Dutch is a Low Franconian language, which falls under the West Germanic languages, which in turn are part of the Germanic languages within the Indo-European language group. Dutch is an official language in the Netherlands, Belgium, Caribbean Netherlands, and Suriname. Dutch is also spoken in the north-western corner of France (French Flanders), small parts of Germany, and among the elderly in Indonesia and South Africa. Another 500,000 Dutch speakers can be found in the United States, Canada, Australia, and New Zealand. If we add all speakers of Dutch together, we end up with about 28 million people who speak Dutch as a first or second language.
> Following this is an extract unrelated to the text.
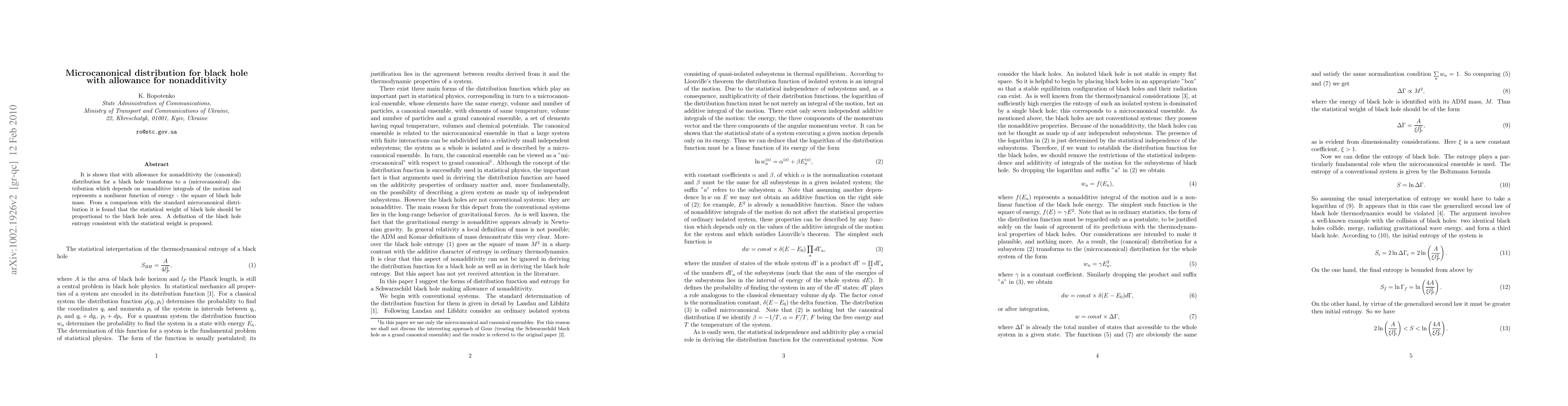 A new distribution for black holes is proposed, based on nonadditivity, which depends on energy and relates to the square of mass, suggesting a relationship between entropy and area.

If we also include derived languages such as Afrikaans, the total amounts to 44 million.
Afrikaans is the only full daughter language of Dutch. Papiamento (Antilles) and Sranantongo (Suriname) are called Dutch Creole languages, languages that originate from a mixture of languages. And then, there is a whole range of extinct Dutch Creole languages with beautiful names like Petjoh and Javindo (Indonesia), Mohawk Dutch (United States), Berbice and Skepi (Guyana), and Negerhollands (Virgin Islands and Puerto Rico).
The above may give the impression that Dutch is on the decline on a global scale. But that is hardly true. Dutch is currently being taught to 10,000 students at 220 universities in about 40 countries. Why? Some want to study the language and culture of their ancestors, others need Dutch for professional reasons. For instance, if you want to study sources in the New York Archives, you absolutely need Dutch.
Let’s perform a thought experiment and pretend that Standard Dutch and High German (Standard German) do not exist. This means it would no longer be possible to draw a language barrier between the Netherlands and Germany. There is a dialect continuum between both countries; all dialects from (roughly) the North Sea coast to the Polish border seamlessly blend into each other. The difference between the North German and Dutch dialects is smaller than that between the North and South German dialects. So technically, Dutch is more like German than German itself.